──────── Supplied information

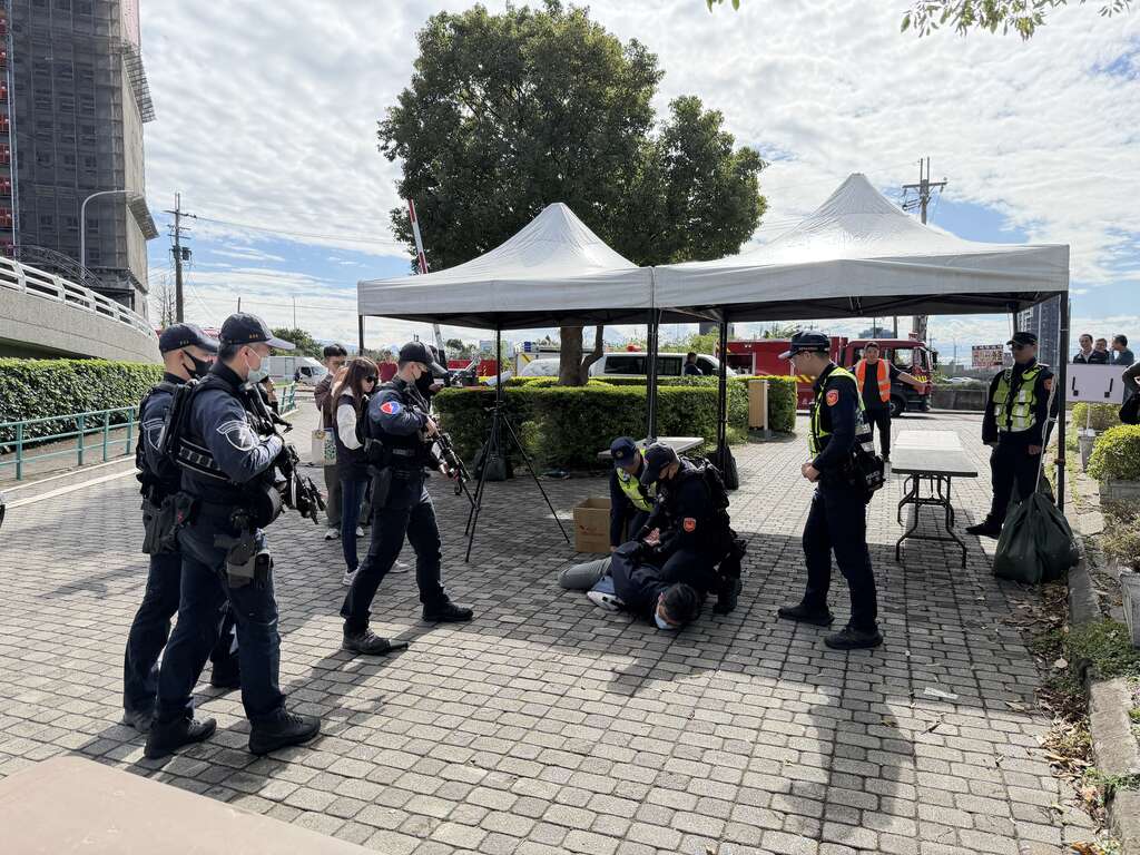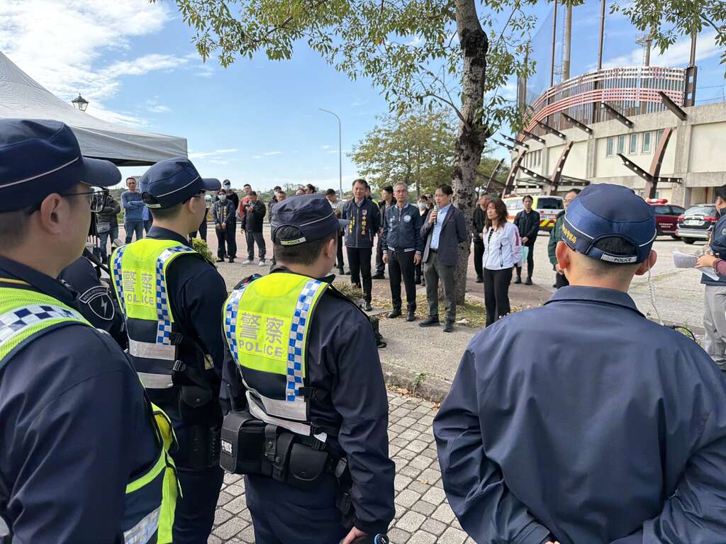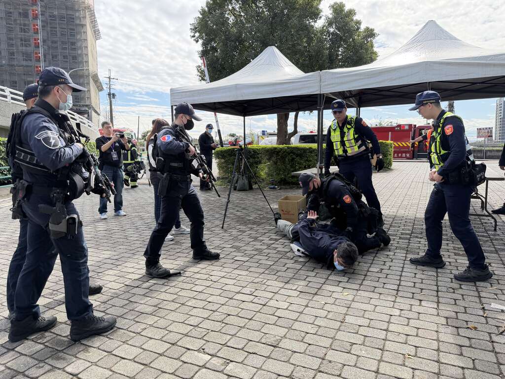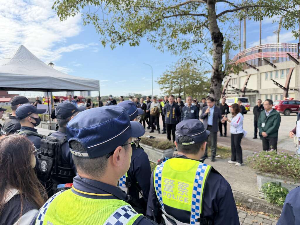 演練過程中,模擬民眾於入場安檢時攜帶管制物品,並出現情緒激動、拒絕配合檢查等情境,現場安檢人員立即通報警力支援,警方隨即依標準作業程序進行管束、隔離人群並排除危害;同時結合警犬隊進行可疑物品檢測,霹靂小組迅速進場待命,全程分工明確、應變迅速,充分展現警政單位即時處置與跨機關協調能力。
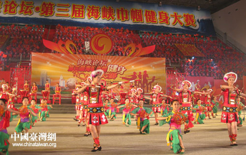 中國臺灣網(wǎng)5月17日泉州消息 海峽論壇·第三屆海峽巾幗健身大賽今天晚上8點在泉州僑鄉(xiāng)體育館隆重舉行。來自福建省9個設(shè)區(qū)市、省直機(jī)關(guān)、省個私協(xié)及臺港澳共14個代表團(tuán)的1000多名女性云集美麗的花園城市泉州,盡展風(fēng)采,聯(lián)誼交流,生動體現(xiàn)了海峽兩岸姐妹一家親的深厚情誼,充分展示了海峽兩岸姐妹熱愛生命,追求卓越的時代風(fēng)采。
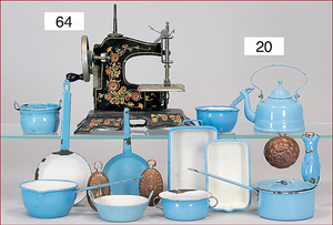 schönes Konv. Puppenküchengeschirr, weiß/blau emailliert, Töpfe, Pfannen, Wasserkessel, 2 Bräter, dazu 2 Kupferformen, neuer
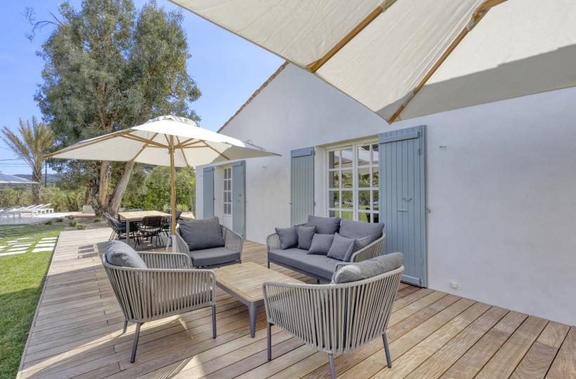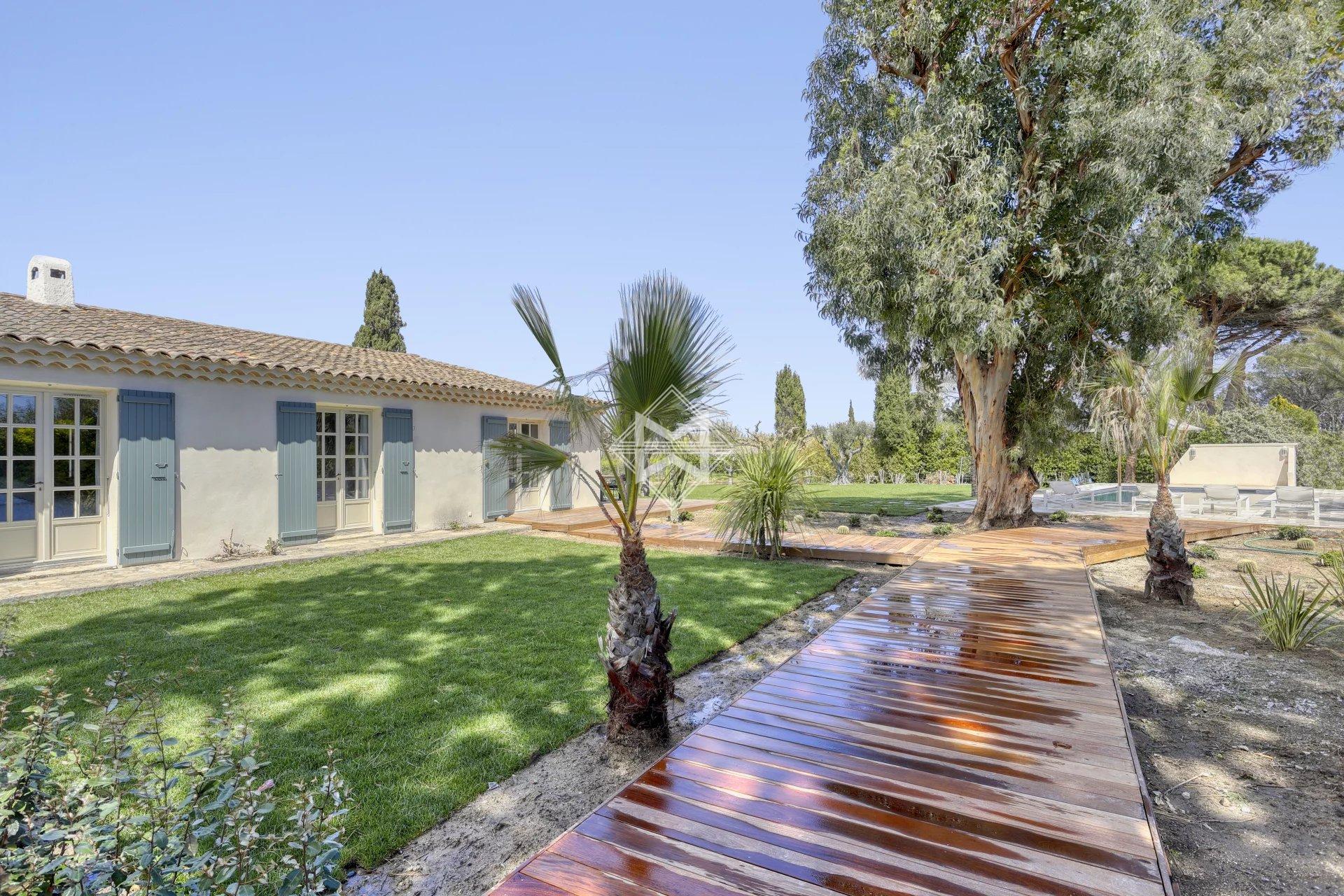 Idéalement située à seulement 800 m de la plage de Pampelonne, superbe villa de charme d'environ 150 m2 dans un écrin de nature sur un vaste terrain plat de de 7130 m2.

────────────────

Required work: Write the data out again word for word; leave the pictures behind.

Task answer:
 演練過程中,模擬民眾於入場安檢時攜帶管制物品,並出現情緒激動、拒絕配合檢查等情境,現場安檢人員立即通報警力支援,警方隨即依標準作業程序進行管束、隔離人群並排除危害;同時結合警犬隊進行可疑物品檢測,霹靂小組迅速進場待命,全程分工明確、應變迅速,充分展現警政單位即時處置與跨機關協調能力。
 中國臺灣網(wǎng)5月17日泉州消息 海峽論壇·第三屆海峽巾幗健身大賽今天晚上8點在泉州僑鄉(xiāng)體育館隆重舉行。來自福建省9個設(shè)區(qū)市、省直機(jī)關(guān)、省個私協(xié)及臺港澳共14個代表團(tuán)的1000多名女性云集美麗的花園城市泉州,盡展風(fēng)采,聯(lián)誼交流,生動體現(xiàn)了海峽兩岸姐妹一家親的深厚情誼,充分展示了海峽兩岸姐妹熱愛生命,追求卓越的時代風(fēng)采。
 schönes Konv. Puppenküchengeschirr, weiß/blau emailliert, Töpfe, Pfannen, Wasserkessel, 2 Bräter, dazu 2 Kupferformen, neuer
 Idéalement située à seulement 800 m de la plage de Pampelonne, superbe villa de charme d'environ 150 m2 dans un écrin de nature sur un vaste terrain plat de de 7130 m2.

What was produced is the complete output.